At Brisa, this function is embedded within an integrated ecosystem that combines legal representation, importation, and regulatory intelligence by giving manufacturers full governance and transparency over their products.
- Product Classification and Submission to Anvisa
The first official step in the regulatory process is the risk classification of the medical device, in accordance with RDC 751/2022.
Based on this classification, the product will follow one of two regulatory pathways:
Notification – for Class I and II devices, considered low or medium risk. This streamlined process focuses on documentary evidence, labeling, and quality system certification.
Registration – for Class III and IV devices, considered high or maximum risk. This pathway requires a comprehensive technical dossier, including clinical data (when applicable), risk analysis, and proof of Good Manufacturing Practice (GMP) certification.
Upon approval, the product receives a unique registration number, authorizing its importation, distribution, and commercialization throughout Brazil.
- Importation and Sanitary Clearance
Once registered, each product must undergo import authorization and sanitary clearance through Anvisa and the Brazilian Federal Revenue Service.
This stage ensures that every imported batch maintains full traceability, integrity, and compliance with the approved regulatory conditions.

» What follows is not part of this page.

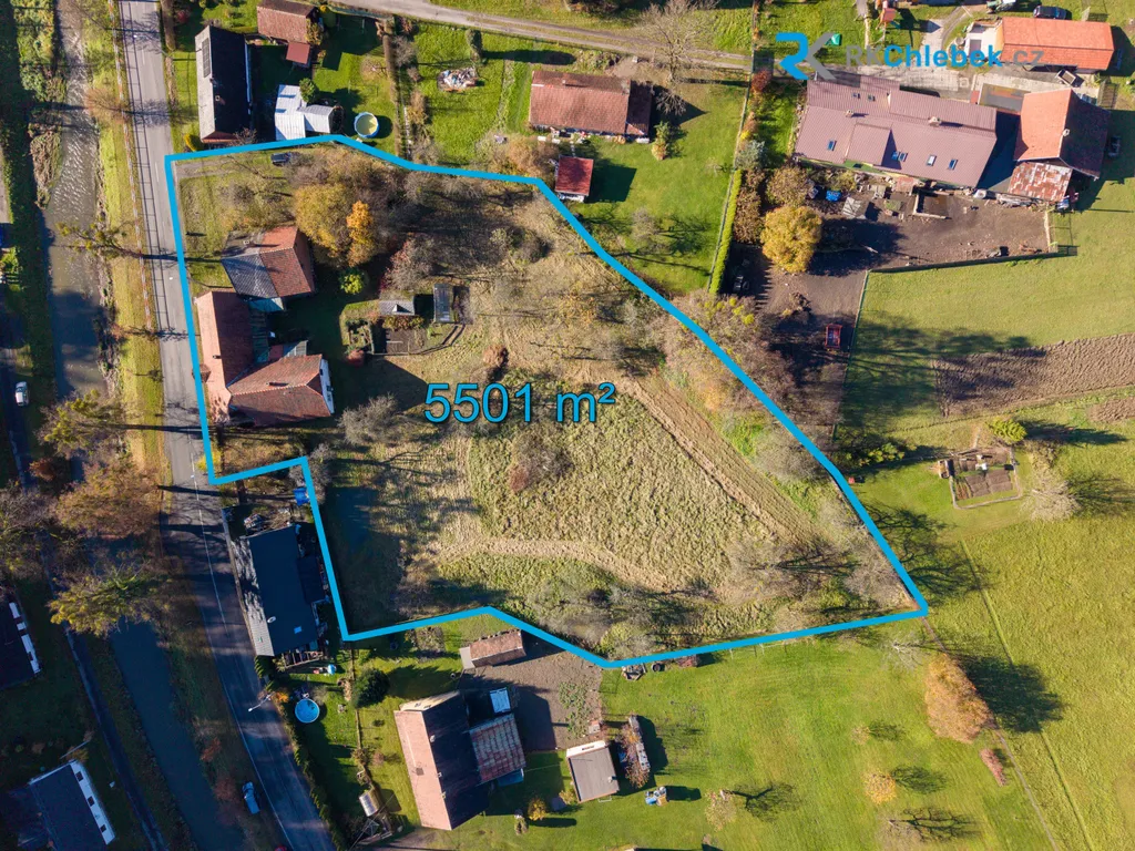 Nabízíme k prodeji rodinný dům s rozsáhlým pozemkem vhodným k výstavbě dalších RD nebo i jinému komerčnímu využití. Územní plán je tomu nakloněn. Celková plocha pozemků je 5501m2 a je možné je rozdělit na několik parcel pro výstavbu.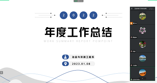 2023年1月8日晚,我系通过线上方式举行2022年度工作总结大会。系部领导班子及全体教职工参加了会议。会议由系主任何贵香主持。

Here, the integration between regulatory consulting and logistics operations becomes crucial and represents one of Brisa’s core differentiators.
- Distribution and Traceability
After clearance, the product enters the distribution phase, governed by RDC 665/2022, which establishes strict requirements for storage, transportation, and traceability.
Every unit must be traceable back to its origin, ensuring that any nonconformity can be rapidly identified and resolved.
Organizations that manage this phase efficiently deliver not only compliance but also market credibility and patient safety.
- Clinical Use and Post-Market Surveillance
The final stage of the journey occurs in the clinical setting, where the device is used by healthcare professionals.
Even after market entry, regulatory obligations continue: the registration holder must monitor adverse events, handle technical complaints, and periodically update product documentation.
This ongoing surveillance ensures that the device maintains its safety and performance throughout its entire lifecycle.
A Journey that Demands Strategy
Each stage of the regulatory process, from design to clinical use, requires planning, technical expertise, and integrated management.
Companies that view regulation as part of their innovation strategy can reduce time to market, optimize costs, and accelerate patient access to new technologies.
At Brisa, we’ve structured our regulatory ecosystem to accompany this complete journey, ensuring that every product moves from manufacturer to patient with efficiency, compliance, and trust.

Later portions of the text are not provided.